Chasing Yesterday’in çıkış single’ı olarak aylar evvel tanıştığımız In the Heat of the Moment’ın kısa vadede akılda kalıcı olsa da, uzun vadede vasata yelken açtığını görmezden gelemeyiz. Albüm için kaydedilen son şarkı olan In the Heat of the Moment, ‘Na na na’ları sayesinde alkollü İngiliz seyircisini konserlerde fazlasıyla eğlendirebilir. Ne yazık ki fazlası değil…

Noel Gallagher’ı yakından takip edenler, David Bowie’ye karşı beslediği hayranlıktan haberdardır. Bu hayranlığın notalarda vücut bulmuş halini The Girl with X-Ray Eyes’ta, Bowie’nin 70’lerde glam rock’ın çıtasını yükselttiği dönemlerden bir etkileşim olarak fark ediyoruz. Noel Gallagher’ın olgunluk döneminin, Bowie’nin kariyerinin başına öykünmüşlüğü, Ziggy Stardust’ın gerçekten de dünya dışı bir yaşam formu olduğunu düşündürebilecek nitelikte.

Lock All The Doors’un tamamlanmamış bir Oasis şarkısı olduğu, albüm yayınlanmadan evvel fazlaca göze sokulmuştu. Noel Gallagher’ın metro yolculuğu sırasında birden aklına gelen eksik parçaların şarkı inşaatındaki yerini alması sonucu, Lock All The Doors’u rötarlı bir şekilde dinleme fırsatını yakalıyoruz. Evet; Noel Gallagher gerçekten de iyi bir besteci, ama hiçbir zaman tam donanımlı bir vokalist olamadı. Ukala Liam Gallagher’ın varlığının en büyük artısı, Noel Gallagher’ın enfes bestelerine tam donanımlı bir frontman olarak hizmet edebilmesiydi. Bu yüzden ister istemez, insanın aklına ‘Bir de Liam’ın vokalleriyle dinleseydik nasıl olurdu?’ sorusu geliyor.

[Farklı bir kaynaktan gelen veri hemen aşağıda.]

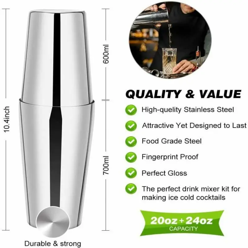【 23 шт шейкер набора 】 Бостон бармен набор, один набор для удовлетворения всех ваших потребностей барный набор инструментов. Включает в себя набор из 20oz & 24 oz Бостонский шейкер банки, 4 дозаторы, двойная мерная чашка 15/30 мл/25/50 мл, щипцы для льда, коктейлей, 2 соломинки, 2 согнутые соломинки, штопор, кисти, ложка для смешивания, 4 камни из нержавеющей стали, Рецепт коктейля, Зажим для камней, ситечко, акриловая подставка, есть эксклюзивное руководство по рецепту, которое облегчает использование для начинающих.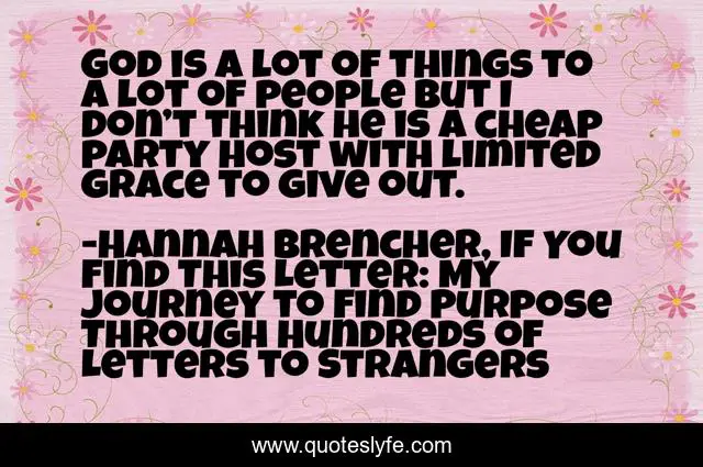 This page presents the quote "God is a lot of things to a lot of people but I don’t think he is a cheap party host with limited grace to give out.". Author of this quote is Hannah Brencher, If You Find This Letter: My Journey to Find Purpose Through Hundreds of Letters to Strangers. This quote is about god, grace, hope,.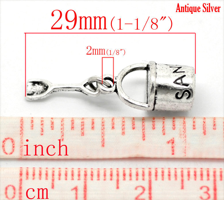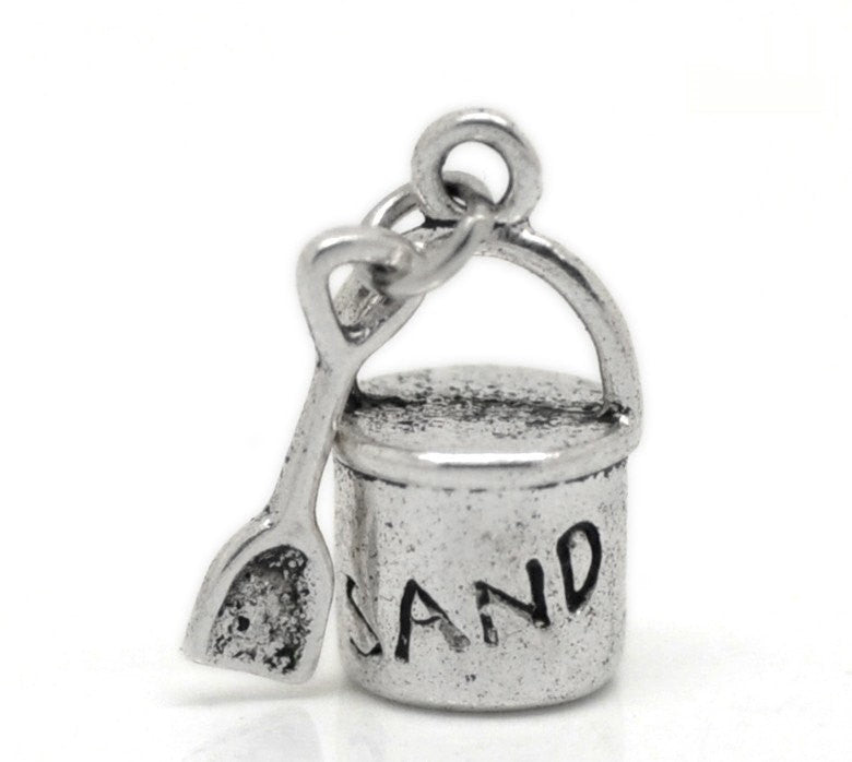 10 Silver Tone Metal Moveable BEACH SAND Pail Charm Pendants chs0036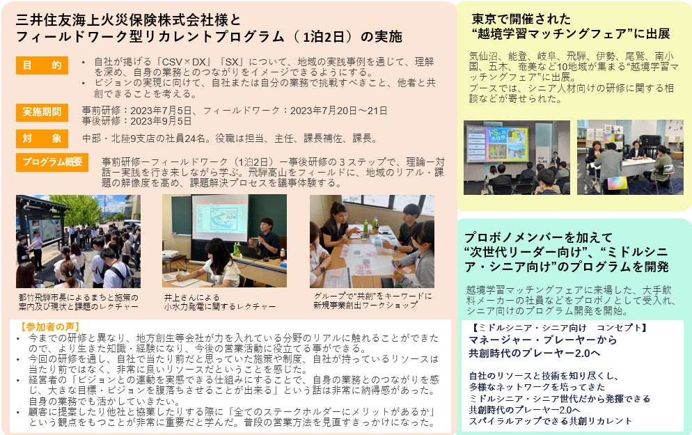 その実証的な取り組みとして、2023年7月〜9月にかけて、三井住友海上火災保険株式会社との共創によるフィールドワーク型リカレント研修を中部・北陸支社の社員24名を対象に実施。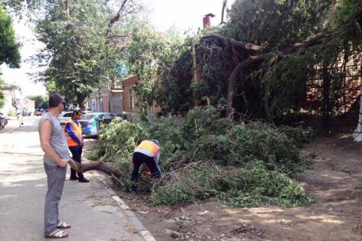 Администрация Волжского района Саратова сообщает, что дерево на улице Соляная распиливают специалисты подрядной организации. Из-за урагана дерево рухнуло на дом.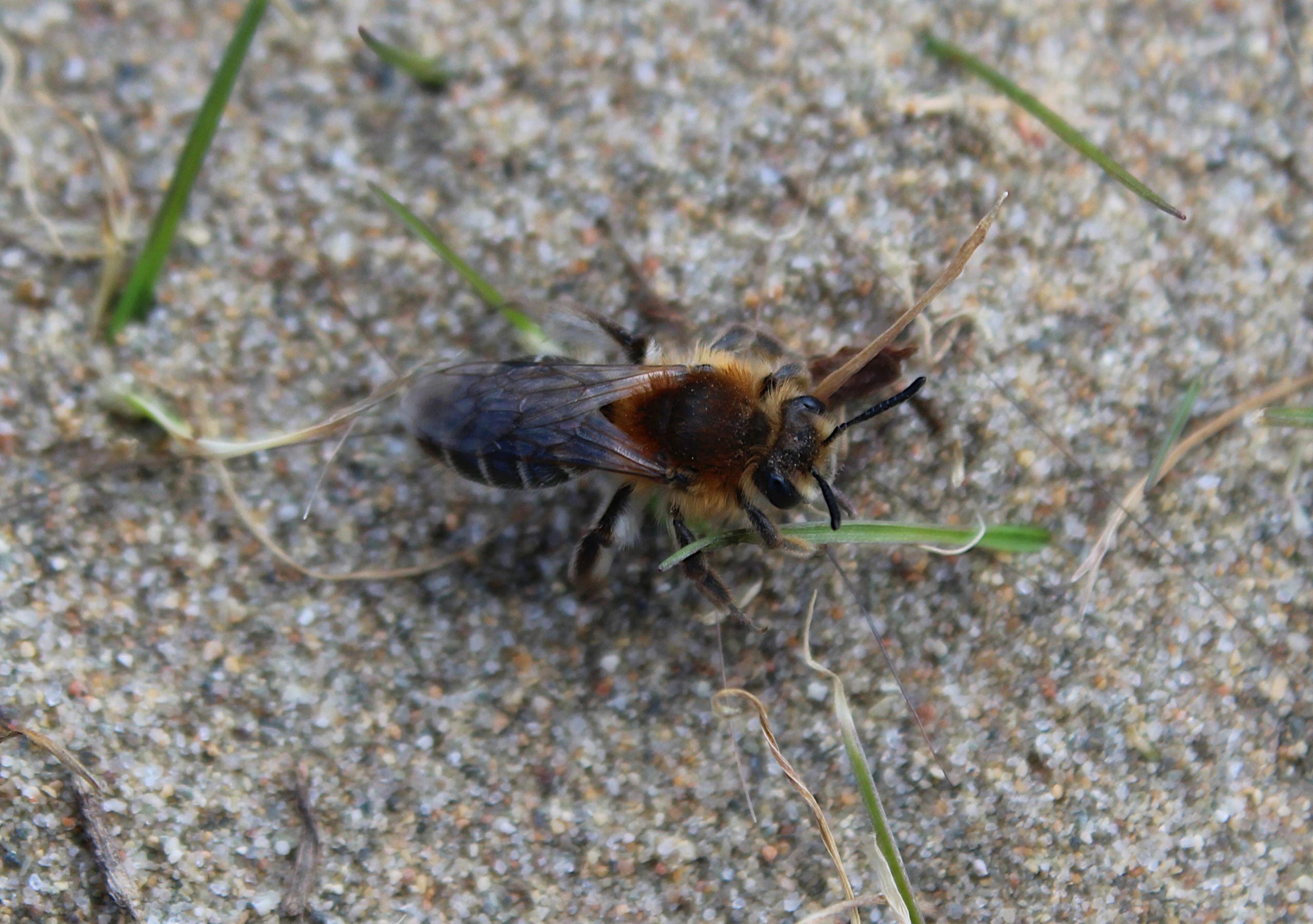 This bee is well named as it has a strong association with sandy habitats, where the females often nest in dense aggregations. I have observed females flying in short zig-zags over patches of bare sandy before landing and promptly burrowing beneath the surface, only to emerge a minute or so later. Females are quite easy to identify as they are the only spring-flying species with a reddish-brown thoracic pile, dense pale hairs on the head and sides of the thorax and an abdomen with narrow white bands. Males are smaller with greyish hairs. It measures 11-13mm in length and is listed as Near Threatened, largely due to destruction of coastal habitats and development of sandy brownfield sites inland.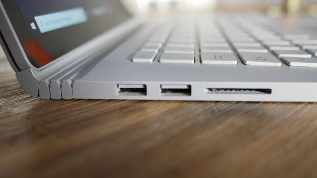 Während der USB-C-Port auf der rechten Gehäuseseite neben dem Microsoft-Connector verortet ist, sitzen auf der gegenüberliegenden Seite zwei USB-Typ-A-Anschlüsse mit USB 3.0 und – erfreulich – ein SD-Kartenleser, der seine Dienste bestens verrichtet.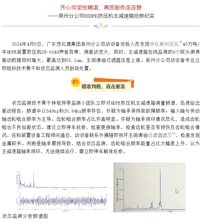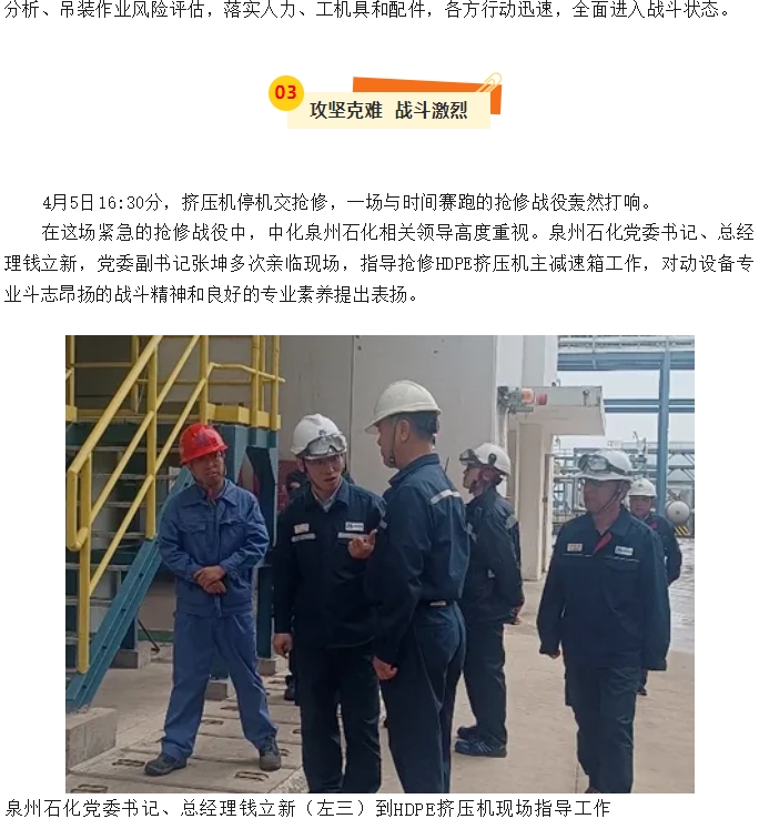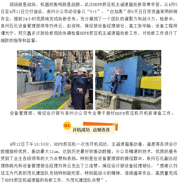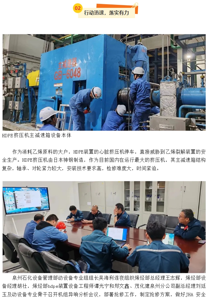 泉州分公司HDPE擠壓(ya)機主減速箱搶修(xiū)紀實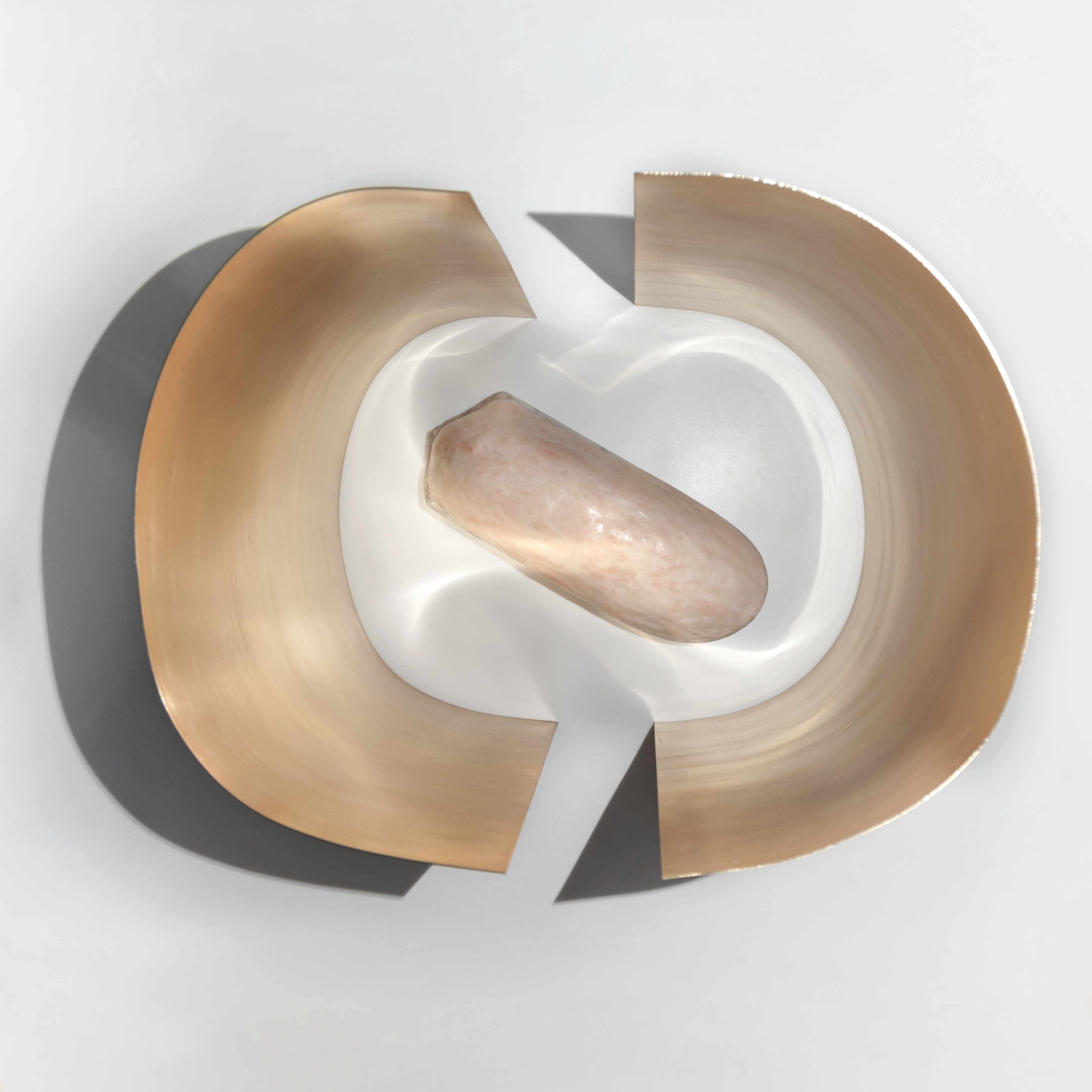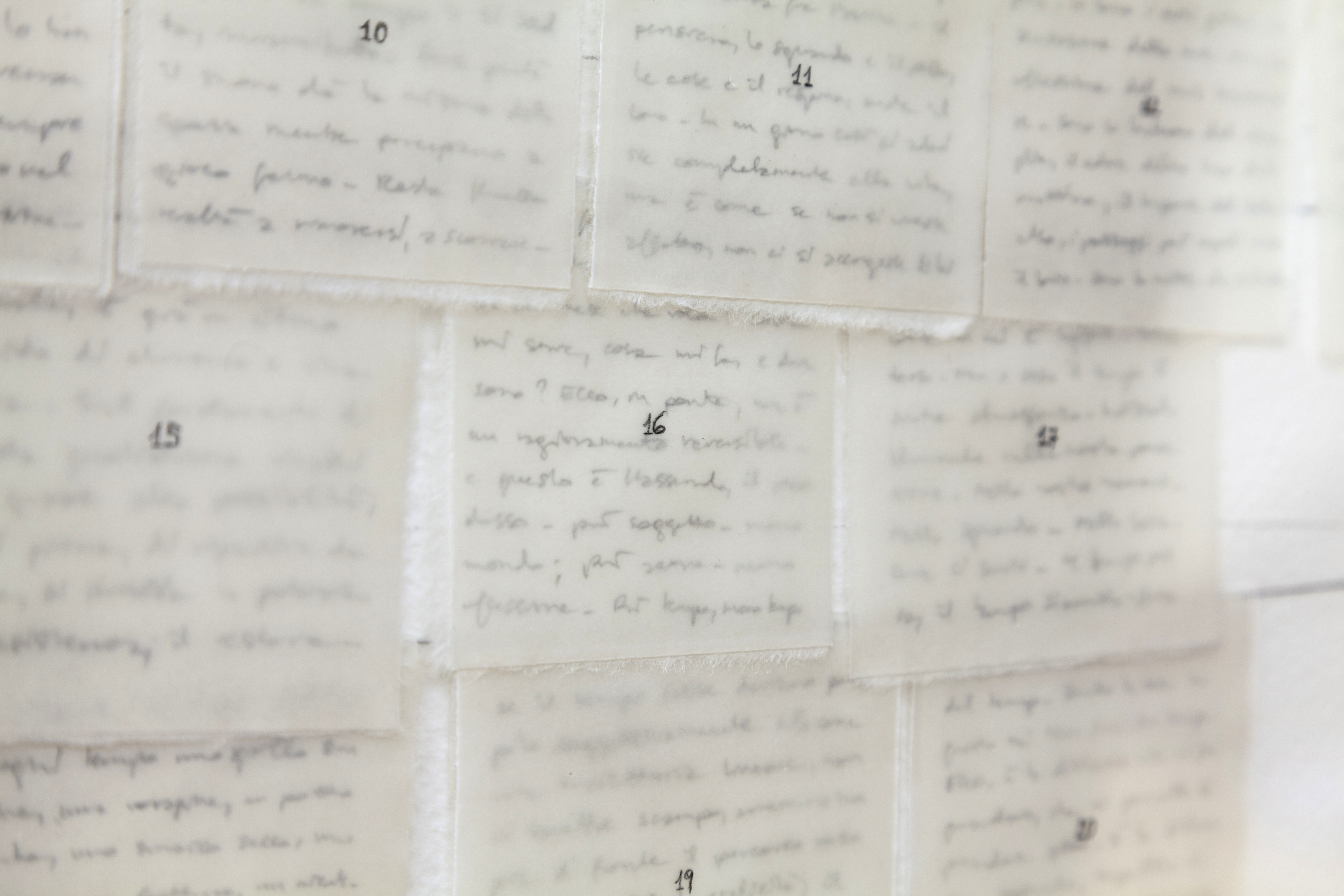 Quali forme del desiderio resistenti al trascorre del tempo sono possibili nella nostra epoca del “presentismo”, dell’esserci “qui e ora” esteso all’infinito nella rete? L’autrice non risponde, ma nel suo lavoro veicola sempre una ricerca di trascendenza, verso l’invisibile, genera nuove possibilità di riflessione che si fa materia del visibile attraverso la cera, la carta di riso, di seta o cerata, il gesso e anche la pietra e in Omphalos, una scultura freudiana, razionalmente erotica, anche con l’ottone.

Dördüncü şarkısına kadar durağan bir şekilde gelen Chasing Yesterday, ivmesini The Dying of the Light’la beraber kazanıyor. Noel Gallagher’ın meşhur ballad’ları arasında rahatlıkla yerini bulabilecek şarkı ile Don’t Look Back In Anger’ın iki-üç gömlek altı bir üyeye kavuşuyoruz.

İlk Noel Gallagher’s High Flying Birds albümünün, aslında ünlü İngiliz yapımcı ikili Amorphous Androgynous’ın elinden çıkmak üzere olduğuna dair yazılara denk gelenleriniz vardır. Albümün fazlaca deneysel gelişmesi üzerine Dave Sardy ile farklı bir albüm kaydeden Gallagher, The Right Stuff ile Amorphous Androgynous denemesinden kalan materyale geri dönüyor. Prodüktör ikilinin psychedelic sulardaki kulaç merakının, her saniyesinde hissedildiği şarkı o kadar iyi ki; gün yüzüne çıkmayan Amorphous Androgynous eli değmiş diğer şarkıları deliler gibi merak ediyoruz. Noel Gallagher’ın ‘Asla yayınlanmayacak.’ dediği kayıtlar hakkındaki fikrini değiştirmesi en büyük temennimiz haline geliyor. Ardından da albümün en iyi anlarından biri geliyor…

While the Song Remains the Same’in nakaratını mı övsek, edebiyat klasiğinden fırlamış gibi duran şarkı sözlerini mi övsek, Noel Gallagher’ın vokal performansını mı övsek… Biz en iyisi şarkıyı komple övelim ve repeat tuşuna basmakta sakınca görmeyelim.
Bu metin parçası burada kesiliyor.